_EXERCISE PROMPT_. Nothing but a verbatim copy of the data, minus the images, should be returned.

_Stored entries_.
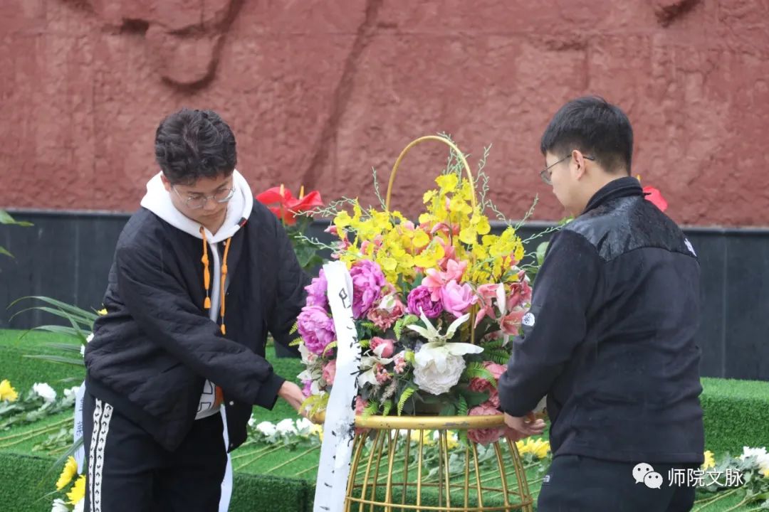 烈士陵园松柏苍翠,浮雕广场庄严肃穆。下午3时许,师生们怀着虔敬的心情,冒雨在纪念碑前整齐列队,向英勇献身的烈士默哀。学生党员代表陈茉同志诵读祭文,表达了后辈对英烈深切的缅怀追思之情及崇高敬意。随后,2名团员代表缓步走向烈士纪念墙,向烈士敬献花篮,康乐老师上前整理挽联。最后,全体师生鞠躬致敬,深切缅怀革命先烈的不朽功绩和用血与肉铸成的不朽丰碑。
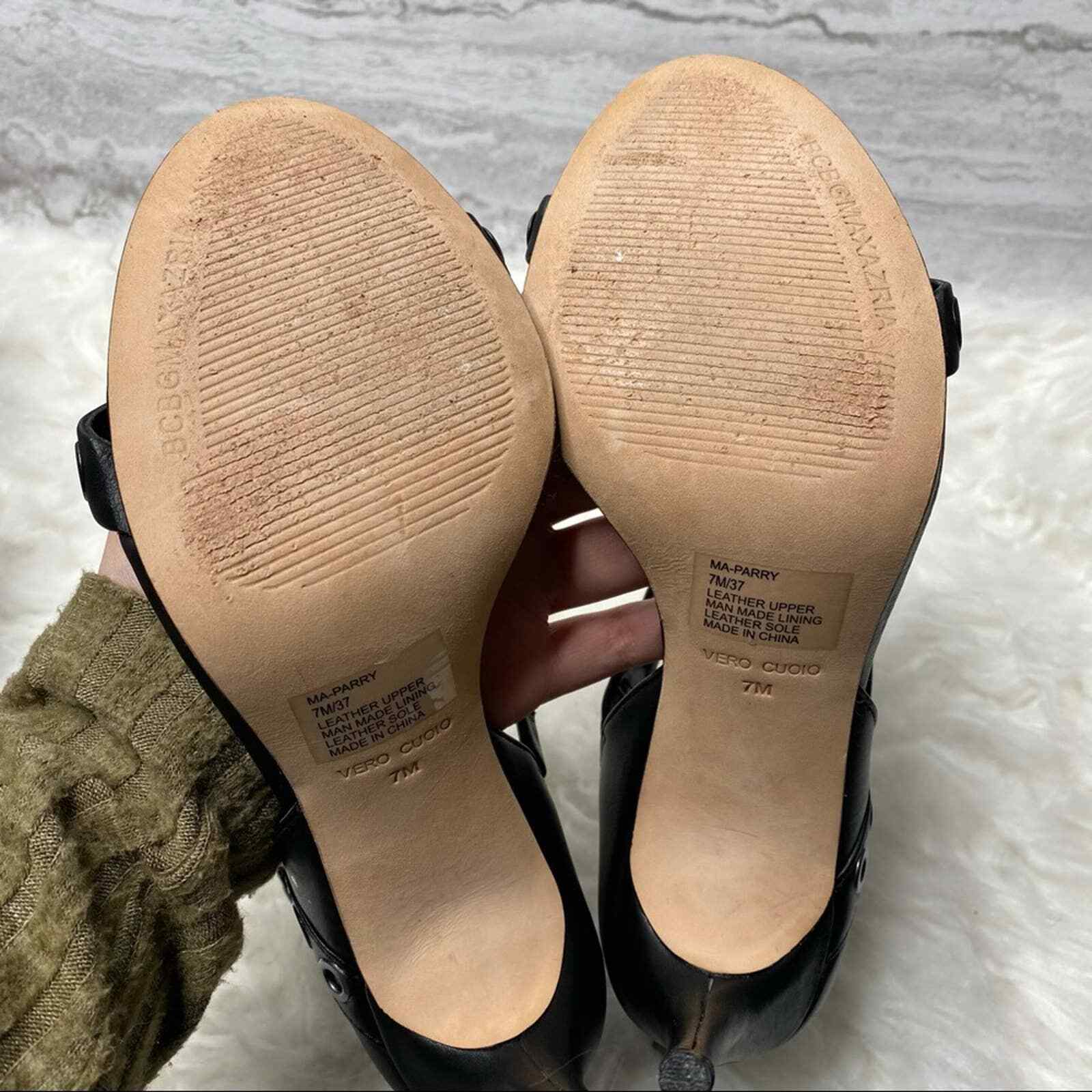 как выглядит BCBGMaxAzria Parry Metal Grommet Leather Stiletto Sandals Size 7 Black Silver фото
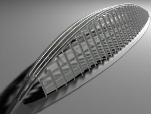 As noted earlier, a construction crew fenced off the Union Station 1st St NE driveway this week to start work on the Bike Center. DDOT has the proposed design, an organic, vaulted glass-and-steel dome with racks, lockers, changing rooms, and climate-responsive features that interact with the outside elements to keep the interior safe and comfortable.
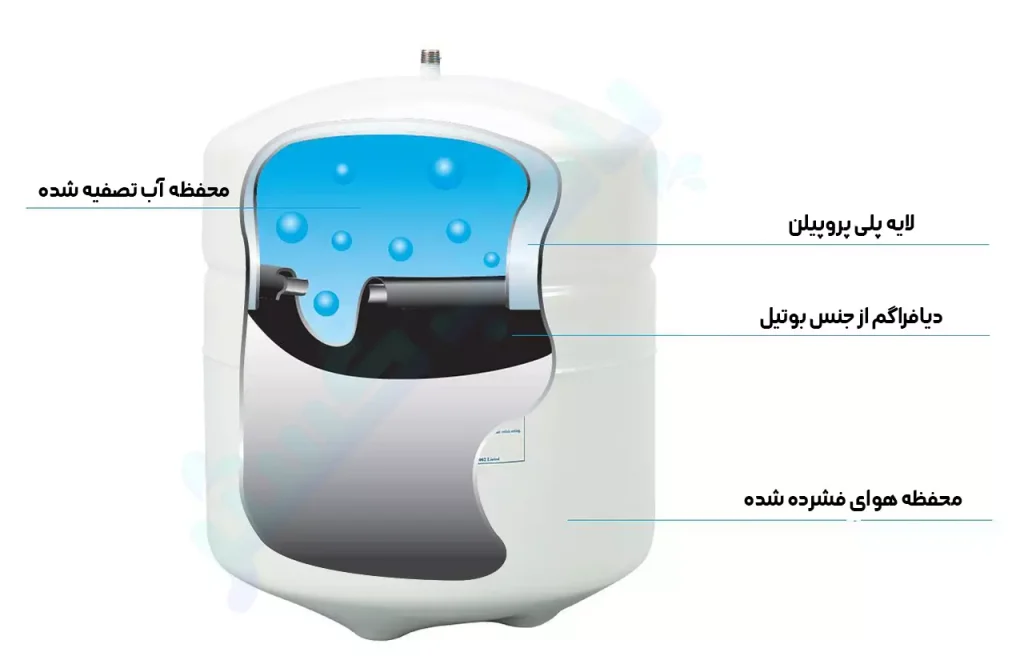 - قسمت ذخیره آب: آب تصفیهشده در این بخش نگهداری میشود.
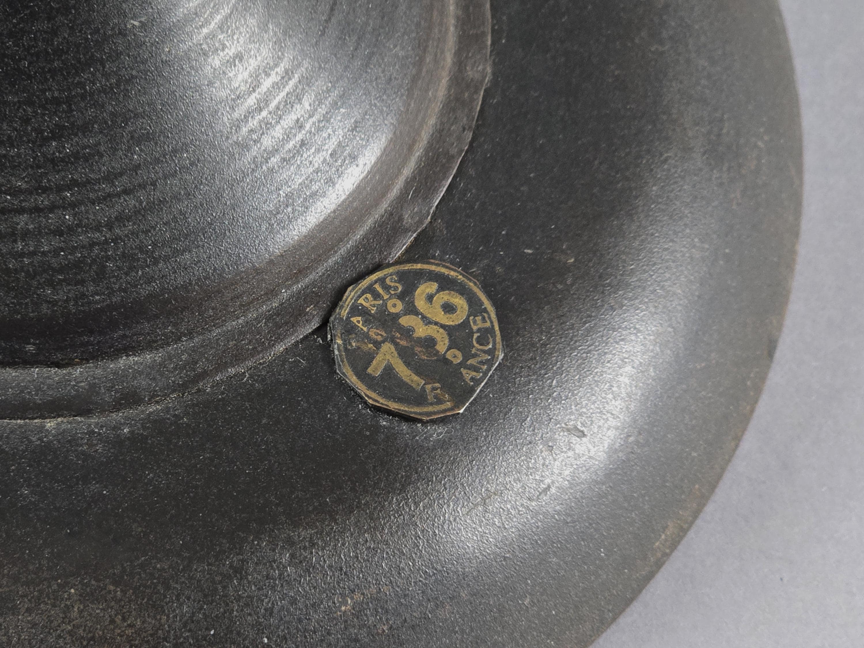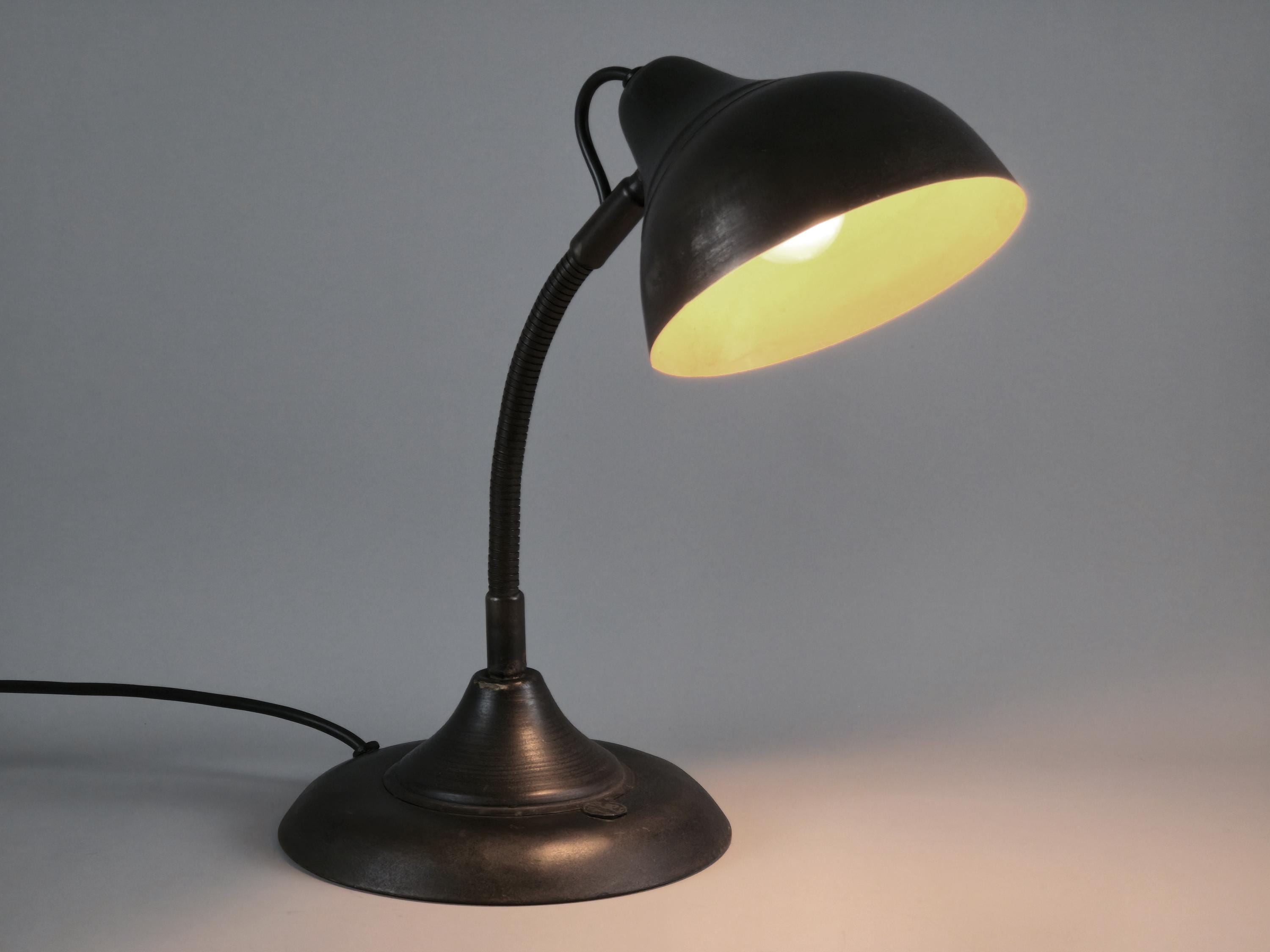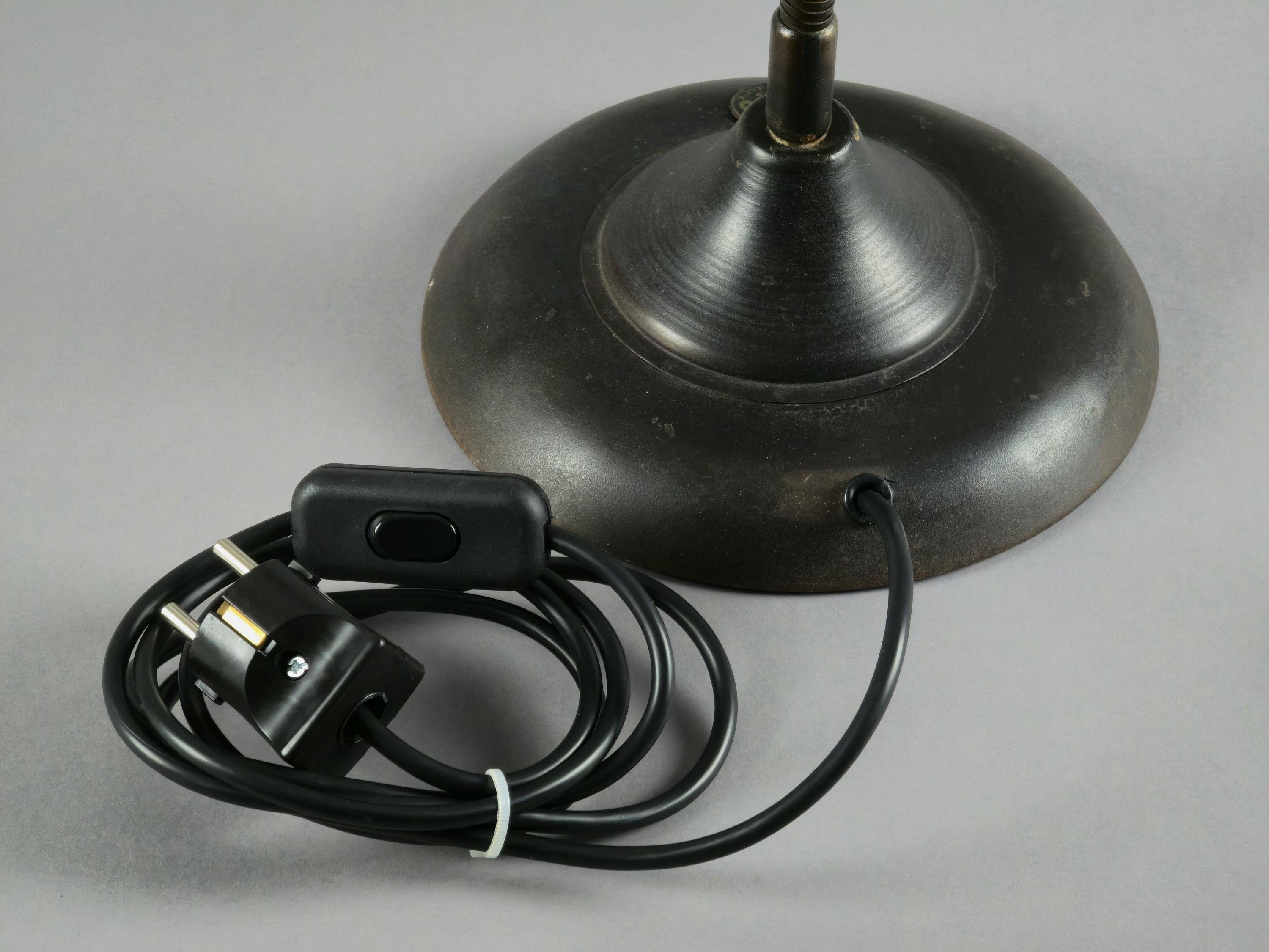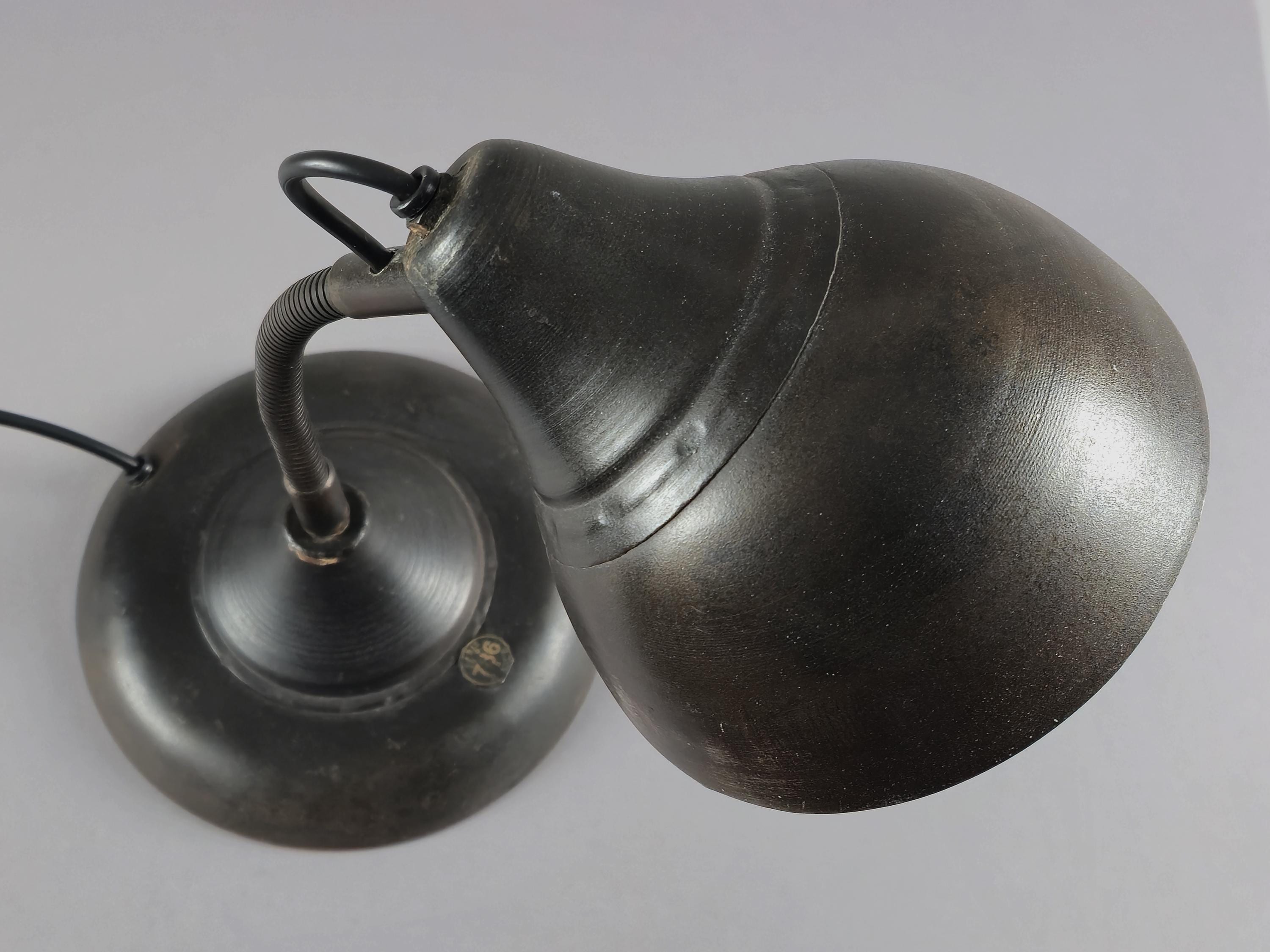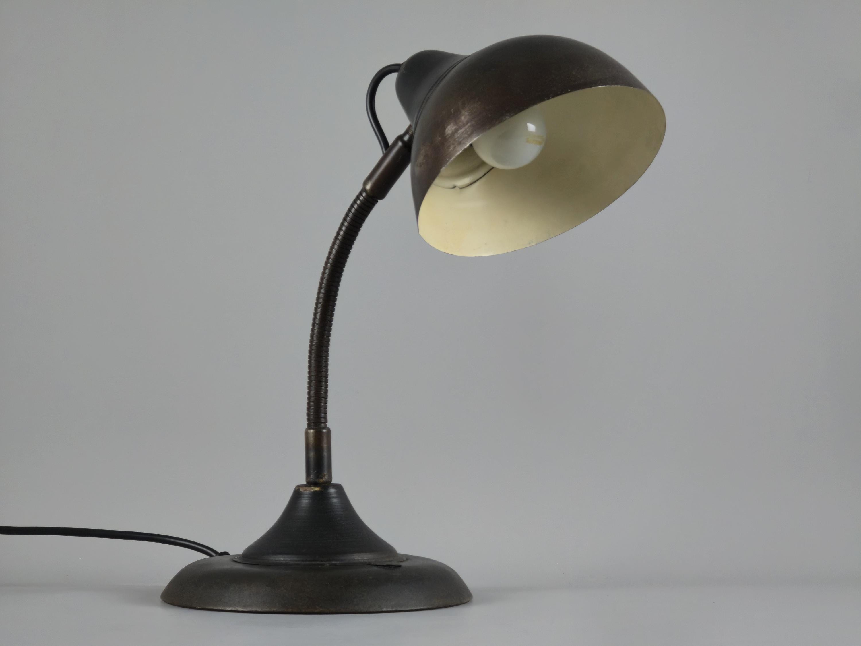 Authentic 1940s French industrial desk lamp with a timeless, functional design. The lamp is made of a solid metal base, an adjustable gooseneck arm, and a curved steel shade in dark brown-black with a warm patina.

_THE ANSWER_.
 烈士陵园松柏苍翠,浮雕广场庄严肃穆。下午3时许,师生们怀着虔敬的心情,冒雨在纪念碑前整齐列队,向英勇献身的烈士默哀。学生党员代表陈茉同志诵读祭文,表达了后辈对英烈深切的缅怀追思之情及崇高敬意。随后,2名团员代表缓步走向烈士纪念墙,向烈士敬献花篮,康乐老师上前整理挽联。最后,全体师生鞠躬致敬,深切缅怀革命先烈的不朽功绩和用血与肉铸成的不朽丰碑。
 как выглядит BCBGMaxAzria Parry Metal Grommet Leather Stiletto Sandals Size 7 Black Silver фото
 As noted earlier, a construction crew fenced off the Union Station 1st St NE driveway this week to start work on the Bike Center. DDOT has the proposed design, an organic, vaulted glass-and-steel dome with racks, lockers, changing rooms, and climate-responsive features that interact with the outside elements to keep the interior safe and comfortable.
 - قسمت ذخیره آب: آب تصفیهشده در این بخش نگهداری میشود.
 Authentic 1940s French industrial desk lamp with a timeless, functional design. The lamp is made of a solid metal base, an adjustable gooseneck arm, and a curved steel shade in dark brown-black with a warm patina.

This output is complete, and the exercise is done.